Web and mobile continue to be the platforms that get all the buzz, but when it comes to advertising dollars, traditional media continues to rule the roost.

Strategy Analytics has published its latest figures for advertising spend in the U.S., and in an overall pot that it estimates at nearly $187 billion, digital will account for just under 30% of that — 28%, or $52.8 billion, to be exact, putting it nearly $30 billion behind TV ad spending. However, growing at a rate of 13% this year, and up 2.5% on 2014’s share, digital remains the fastest-growing of any category.

TV, meanwhile, will account for the single biggest share of ad spend in 2015, with 42% of spend, or nearly $79 billion. That is down -0.6% on 2014. Print, in third place for ad spend after digital, will account for 15%, or $28 billion, of ad spend. Paper-based ads will be the only category to decline this year, write the analysts. It’s also down 1.8% on 2014.
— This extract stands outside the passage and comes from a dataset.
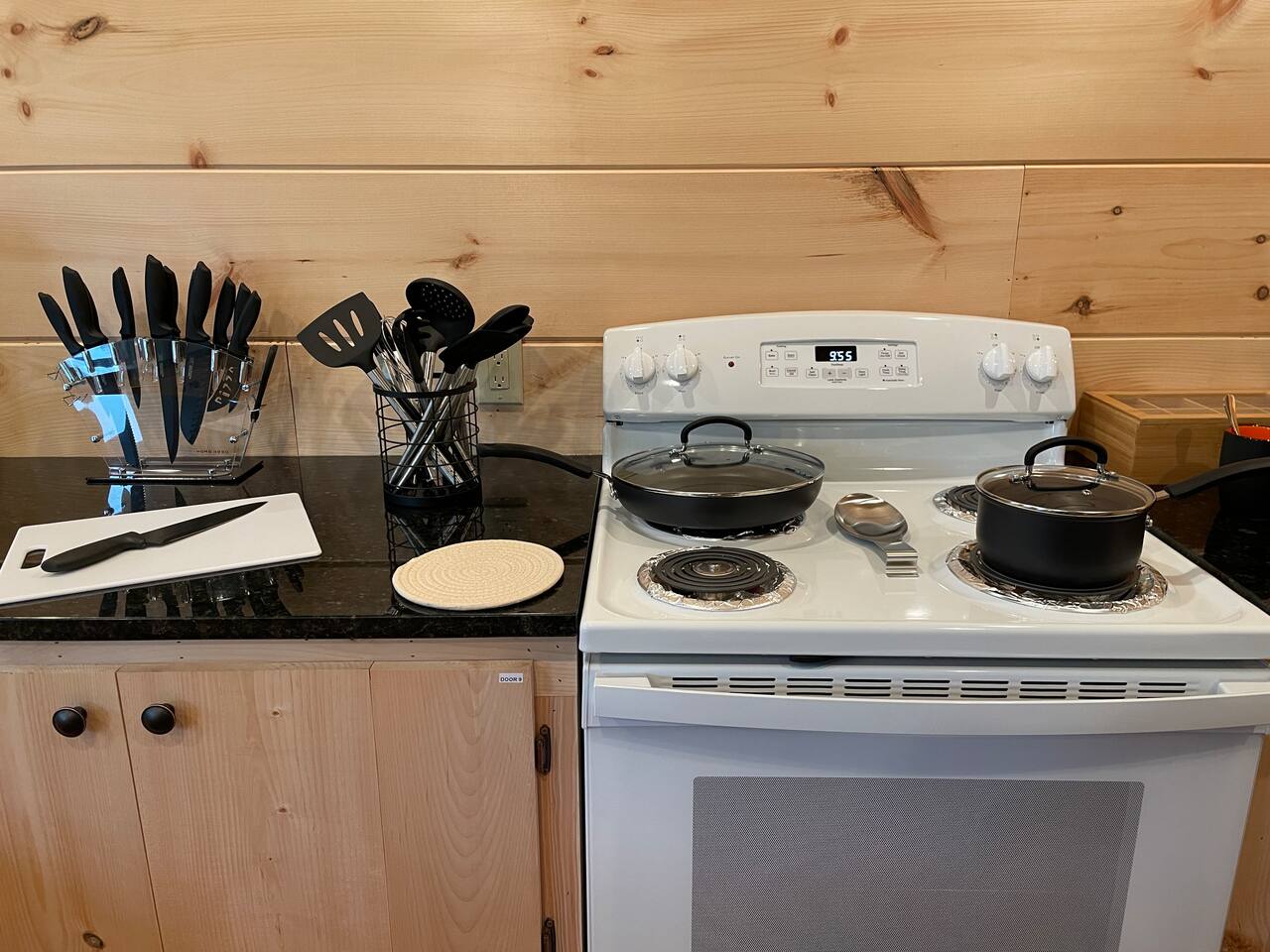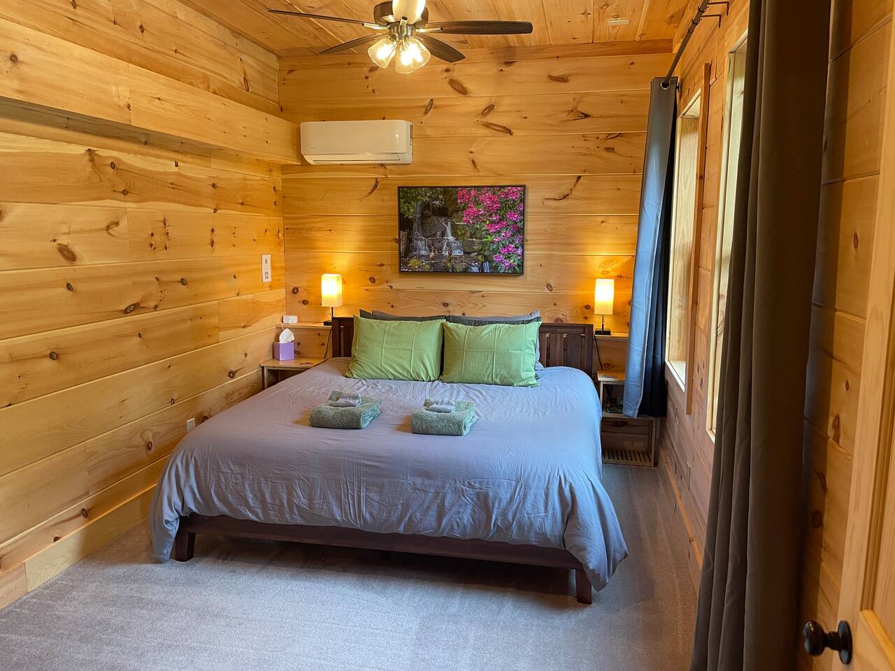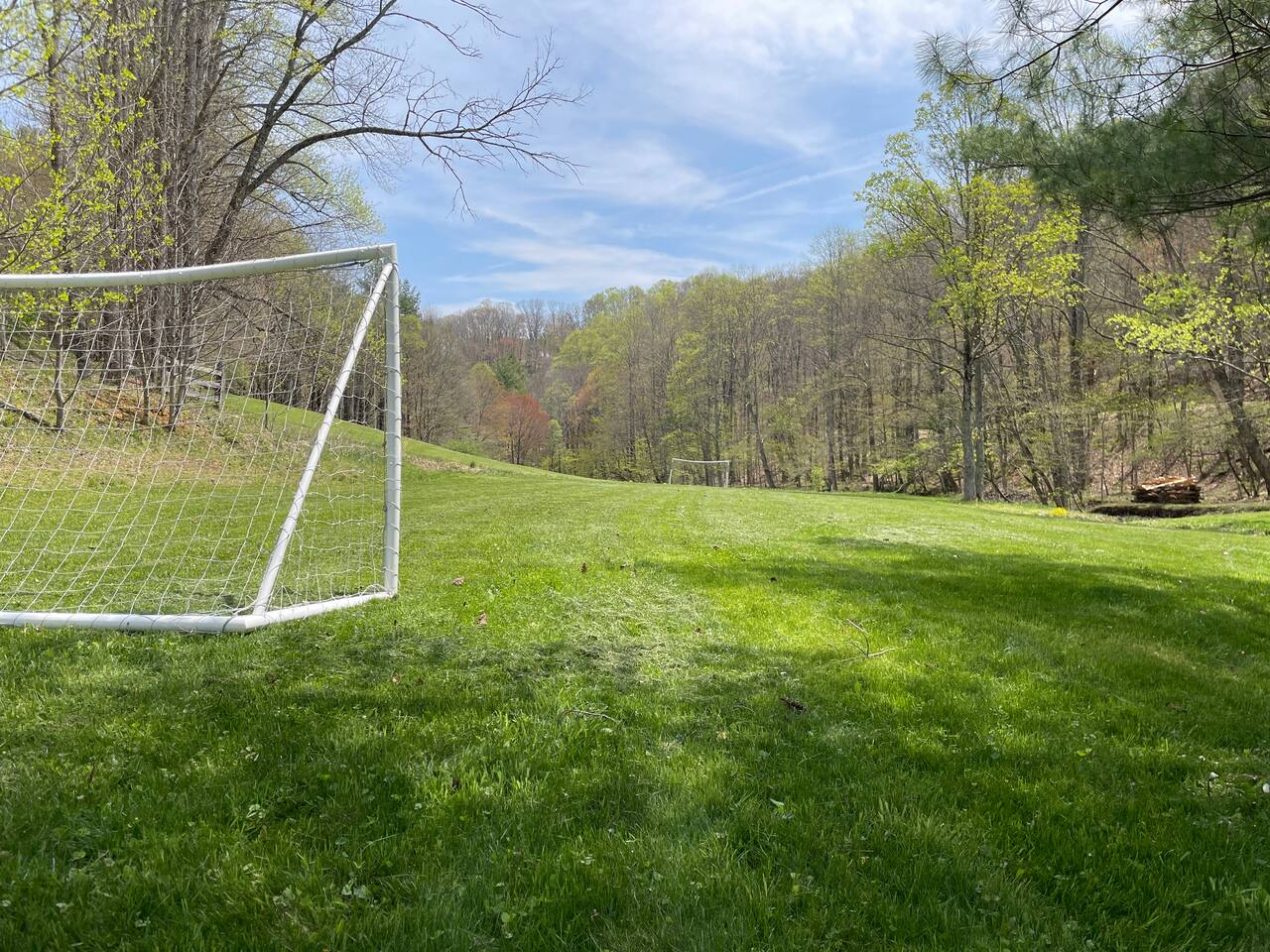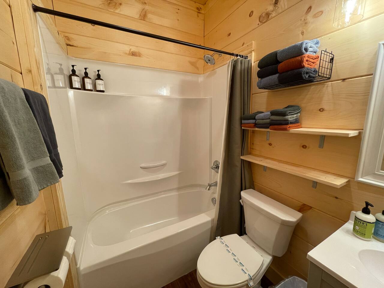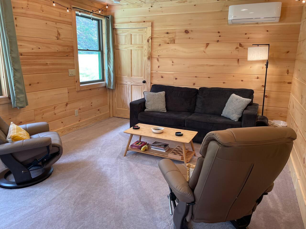 Accommodations: Kitchen & Dining: A fully equipped kitchen with everything you need, plus a dining table that comfortably seats 6 and 2 cozy bar stools at the kitchen counter – perfect for casual meals and fun gatherings. Lounge Area: A warm and inviting space with a plush couch and two comfy chairs, ideal for relaxing after a long day. Entertainment: Enjoy a movie night on the 65” Roku Smart TV, complete with a soundbar and subwoofer for a rich, immersive experience. Sleeping Arrangements: Rest easy in the luxurious comfort of 1 King Bed, 2 Twin Beds, 1 Queen Bed, and 1 Queen Sleeper Sofa. The main beds feature indulgent 12” memory foam mattresses, while the sleeper sofa comes with a 4” memory foam mattress for extra support and comfort. Outdoor Features: Escape to the beautiful outdoors, where two creeks merge into one, bordered by a private soccer field. The expansive yard is complemented by a nearby open field. Relax on the covered patio in zero-gravity chairs, gather around the propane fire pit, and enjoy your favorite tunes through premium outdoor speakers – the perfect setting to unwind.

The growth in digital may be the highest of any category, but it’s not enough to boost the overall sluggish picture for advertising will continue to deep the market down, growing just 3.2% in 2015.

“Despite digital’s best efforts, the drop in traditional ad revenues means we’ll see fairly modest growth in overall U.S. ad revenues in 2015 and will have to wait for more significant growth in 2016, courtesy of the U.S. presidential elections and summer Olympics,” writes Michael Goodman, an analyst at the firm.

Goodman says that social media — advertising on sites like Facebook and Twitter — will see the most growth at 31% this year, followed by video (29%) and mobile (20%). Search — and Google — will this year continue to account for the biggest proportion of spend, at 45% of all digital ad revenues.

Longer term, the same trends will continue for the next three years to come.

“By 2018, TV’s share of ad revenue will fall to 40% whilst digital’s will have grown to 35%,” writes co-author Leika Kawasaki. “However, TV’s declining share is less about ad dollars flowing out of TV and more about dollars flowing into digital from print and radio. TV networks such as ABC, NBC, MTV and the like will see little, if any, real decline in revenues, just a shift in the source from linear TV ads to online video.” Similarly, within the category of digital, we’ll see social media pulling away from the pack, widening its margin with mobile ads to take up $8.2 billion of spend, versus $7.4 billion for mobile ads.

Kawasaki calls print the “major casualty.” Although it will still bring in tens of billions of dollars — $20.3 billion — by the end of 2018, that is less than a third of its 2007 level.